Planet Ark’s National Tree Day started in 1996 and has grown into Australia’s largest community tree planting and nature care event.
It’s a call to action for all Australians to get their hands dirty and give back to the community.
While every day can be Tree Day, the celebration of Schools Tree Day and National Tree Day occur on the last Friday and Sunday in July – July 28 and July 30.
Celebrating these special days, I thought it might be appropriate if my new post on the Forest Leaves Blog was a story about a tree.
It is the desert oak, one of my favourite tree species, which reminds me of a query I got from Argentina-based forester Evan Shield one day:
“Just how many favourite trees do you have, Roger?”
It was a pleasure to enhance the text with superb photographs by Jack Bradshaw, Andrew Burbidge and Pat Fitzgerald.
These, I think, capture the beauty of the tree within the beauty of the landscape in which it grows.
If you have not had the good fortune to explore or travel through Central Australia, you will feel you have been there after viewing these photos and reflecting on some of the authors I have quoted in the story.
Editor’s note: Brisbane forester Dr Gary Bacon tells us Roger’s references to the desert oak well and truly caught his eye.
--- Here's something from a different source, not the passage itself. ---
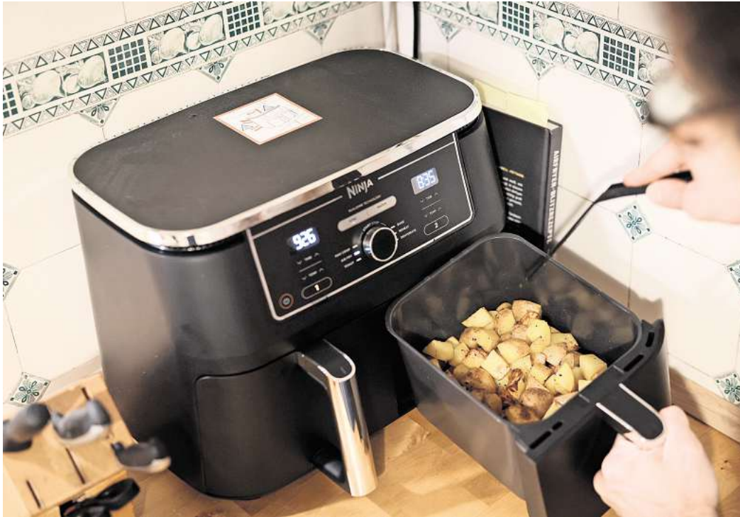
Gewürzmischungen, Schalen, vorgeschchnittene Papiere: Für Airfryer gibt es mittlerweile viele Zusatzprodukte.

Wer das Supermarktregal durchforstet, könne auch immer mehr Airfryer-Zubehör und -zutaten entdecken. Etwa spezielle Back- und Gewürzmischungen, Backpapier-Schalen, Öl-Sprays und sogar Backpulver. Und Aufbackbrötchen gibt es mittlerweile und weitere Sonder-Brötchen und -Brote stehen in den Startlächern. Doch lohnen sich die neuen Extra-Produkte auch für die hei-

Recently, Gary had much exposure to the photogenic tree in central Australia, and some of his examples appear here.
He also asks the question:
“What is the difference between the ages of the pencil crowns and broad crowns?”
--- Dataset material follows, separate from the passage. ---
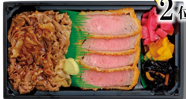
〈黒毛家〉「牛カツと黒毛和牛カルビのミックス弁当」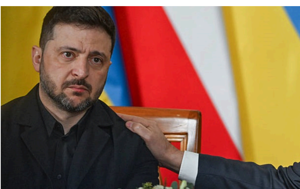
Скандал між Польщею і Україною щодо історичного питання набирає обертів

Низка українських чиновників проявили солідарність у відмові від польських нагород після рішення Варшави позбавити Зеленського Ордена.

“According to the locals at Yulara, there is a 100-year difference, and I have never felt a more coarse oak branchlet, with the ultra-small true leaves hard and sharp like small rose thorns.”
Allocasuarina decaisneana, commonly known as desert oak, desert sheoak or kurkara by the Anangu People, is a species of flowering plant in the family Casuarinaceae and is endemic to Central Australia.
It is a dioecious tree that typically grows to a height of 10–16 m (33–52 ft) and has long, drooping branchlets, the leaves reduced to scales in whorls of four, the mature fruiting cones 28–95 mm (1.1–3.7 in) long containing winged seeds (samaras) 8.5–17 mm (0.33–0.67 in) long.